C’est quelque chose que vous avez pressenti en invitant Alexandra Midal dans votre premier numéro (voir l’article « Les pionnières du design », p. 26-29 « Pétunia » n°1, 2009). Ce n’est pas un hasard si elle propose de situer l'origine du design moderne dans les cuisines américaines rationalisées par quelques figures féminines. L R-D Effectivement, Alexandra Midal adopte un ton particulier pour une historienne, un ton ouvertement anticonformiste, insolent et frondeur. Sa lecture s’avère différente et bouscule l’ordre établi.

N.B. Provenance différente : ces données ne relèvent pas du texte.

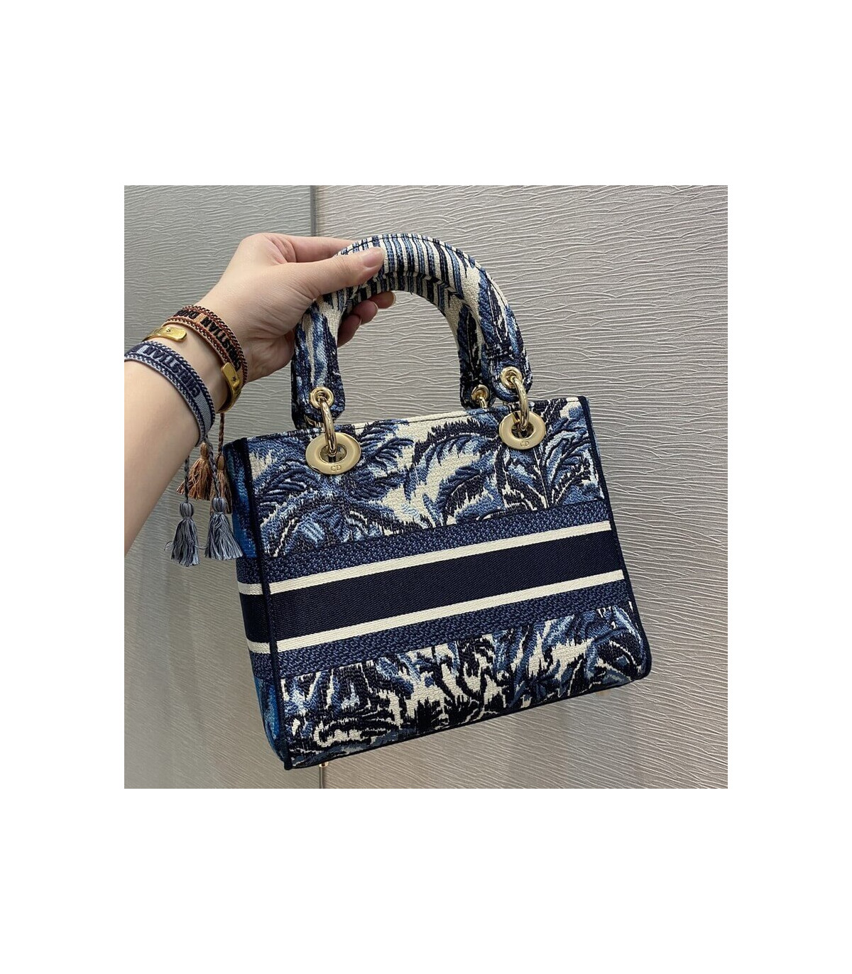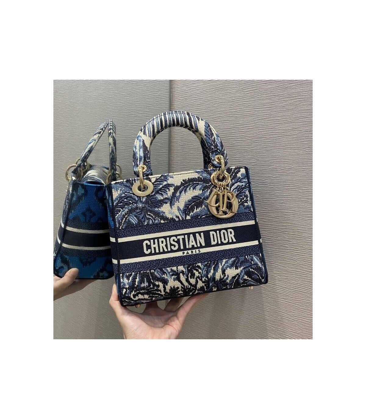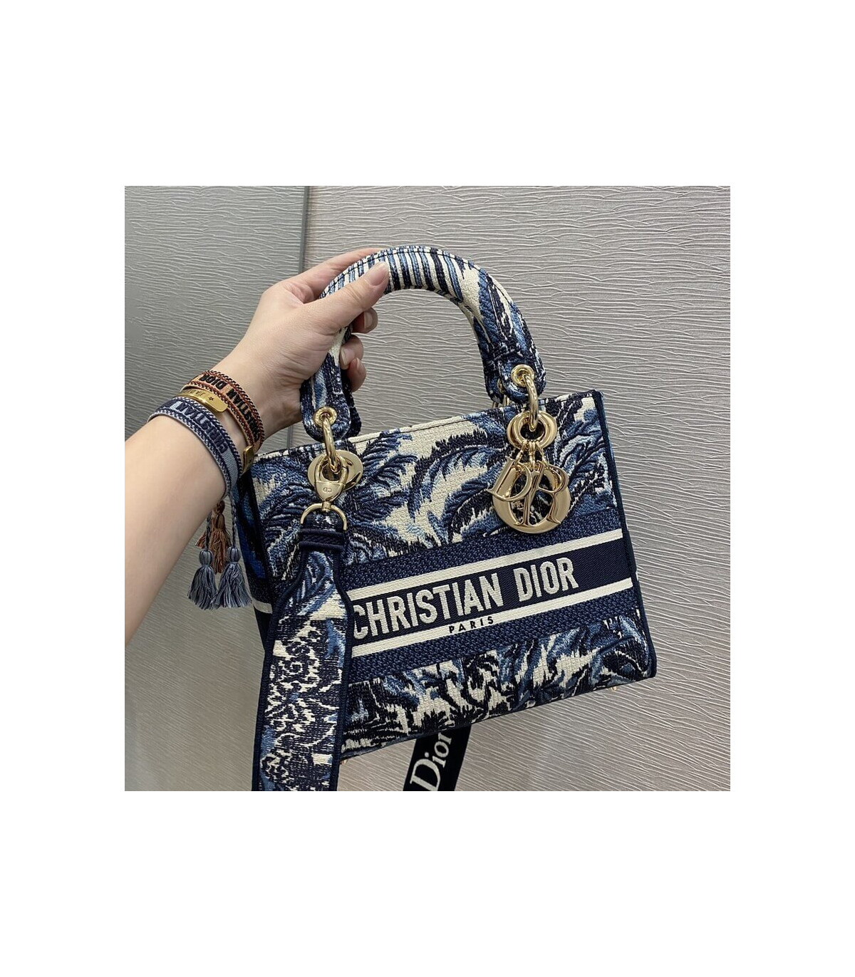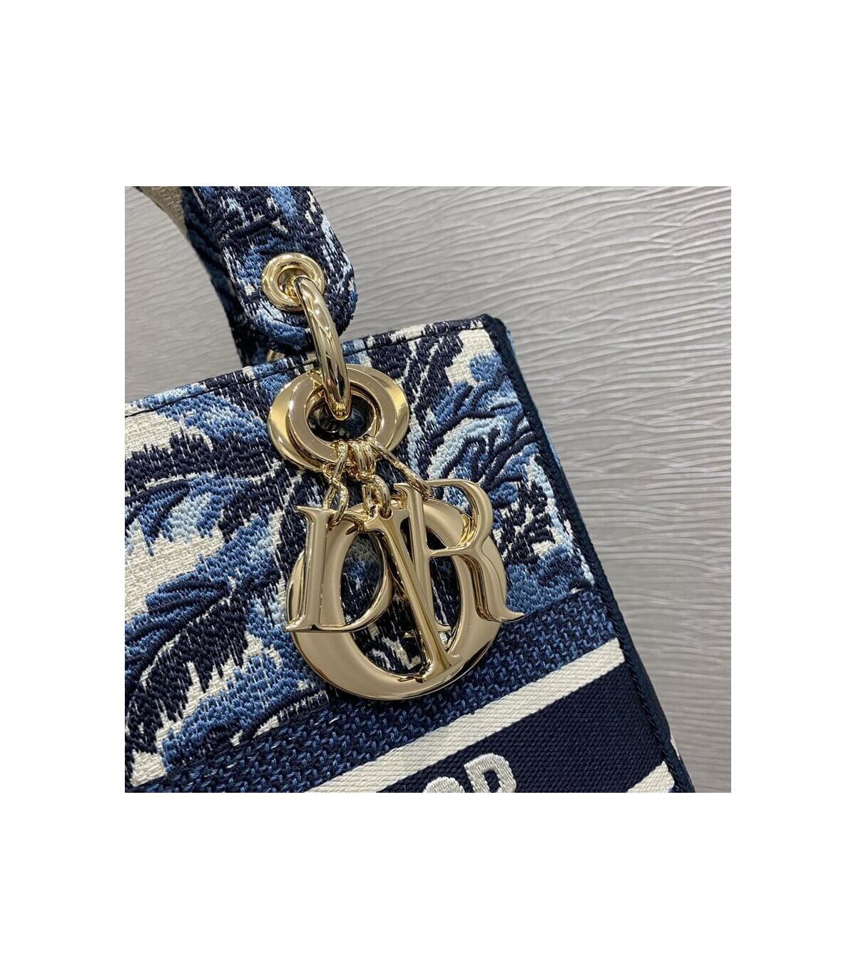 The Lady D-Lite bag combines classic elegance with House modernity. The style offers a new take on the hallmark Toile de Jouy with a variation fully embroidered with the blue Dior Palms motif. The front features a ‘Christian Dior’ signature while the thick ‘D.I.O.R.’ charms in pale gold-finish metal embellish the style with a graphic touch. Equipped with a wide, reversible, and removable embroidered shoulder strap, the medium Lady D-Lite bag can be carried by hand, worn over the shoulder or crossbody.
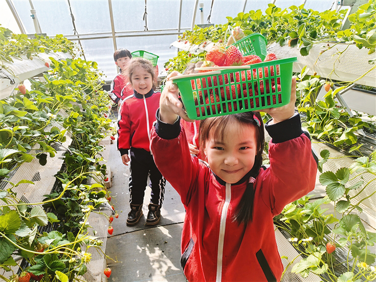 在位于陽(yáng)明區(qū)樺林鎮(zhèn)的唐櫻園生態(tài)農(nóng)場(chǎng)里,整齊排列著24棟智能溫室大棚。在11號(hào)草莓大棚里,來(lái)自同心幼兒園的小朋友正在采摘草莓,孩子們興奮地圍著草莓觀察,“草莓真好看,草莓好甜??!”
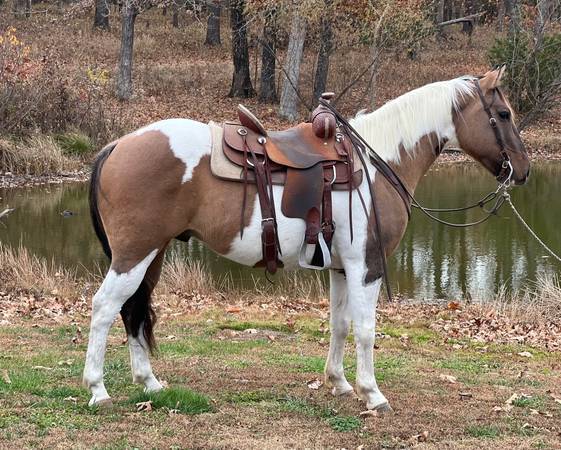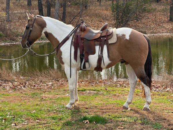 Pinto is a 7 year old gelding that catches everyone’s eye with his color. He is soft in the face, nice stop, and easy to ride. He will be a great horse to put to work. He will go down trails, ride indoor or outdoor arena. He will load/unload no problem, good for baths, easy to saddle. He’s more go than woah when u first get on then he’s more woah than go after he settles. No buck, bite, or kick.
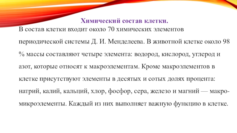 периодической системы Д. И. Менделеева. В животной клетке около 98 % массы составляют четыре элемента: водород, кислород, углерод и азот, которые относят к макроэлементам. Кроме макроэлементов в клетке присутствуют элементы в десятых и сотых долях процента: натрий, калий, кальций, хлор, фосфор, сера, железо и магний — макро-микроэлементы. Каждый из них выполняет важную функцию в клетке.
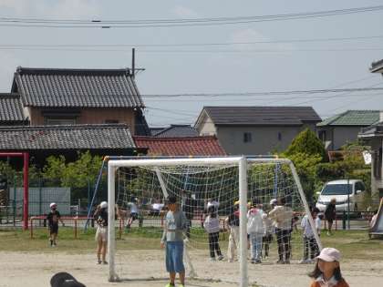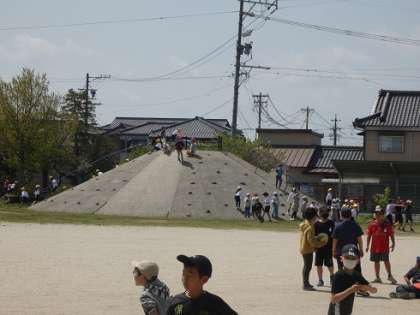 昨日の雨も上がり、晴天の今日は、長放課は、運動場で遊ぶ子どもの数が多かったです。畝部山や畝部アイランドが人気です。
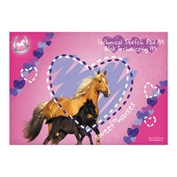 Blok techniczny z 10 białymi kartkami. Okładkę zdobią zdjęcia koni. 20 sztuk
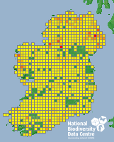 Distribution of the number of records recorded within each 10km grid square (ITM).Marine Map - 50km
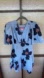 Blue printed cotton (100% Cotton). Hourglass. Short sleeves. V-neckline. Side zipper closure. 36.5" from shoulder to hemline. Imported.
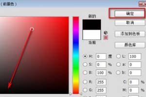 3、弹出拾色器,点击前景色,在拾色器中点击黑色区域,红框处变为黑色后,点击“确定”。

Dans l’exposition « C’est pas mon genre ! » nous avons pu noter que des femmes designers ne cherchent pas à rentrer frontalement dans un univers technique hautement masculin. Du coup, certaines d’entre elles restent à la marge, faisant évoluer d’autres formes du design, des formes proches de l’art, proches de techniques de productions artisanales ou DIY, comme vous l’avez dit. VC C'est vrai. Mais économiquement parlant, elles sont hors réalité, car c’est dans le milieu industriel mainstream que l’on trouve les capitaux qui génèrent la production en design. DD Dans notre cas, c’est le questionnement du genre que nous poursuivons avec Pétunia, qui ne doit pas en rester au stade de la réflexion et trouver un accomplissement dans la réalité. Le moment venu, il faut cesser d’utiliser des outils spécifiques pour confronter la théorie à une pratique qui peut fonctionner dans un système normal. Qui sait ? Peut-être l’avenir de Pétunia sera-t-il de ne plus faire Pétunia, mais de passer à une phase de production mainstream.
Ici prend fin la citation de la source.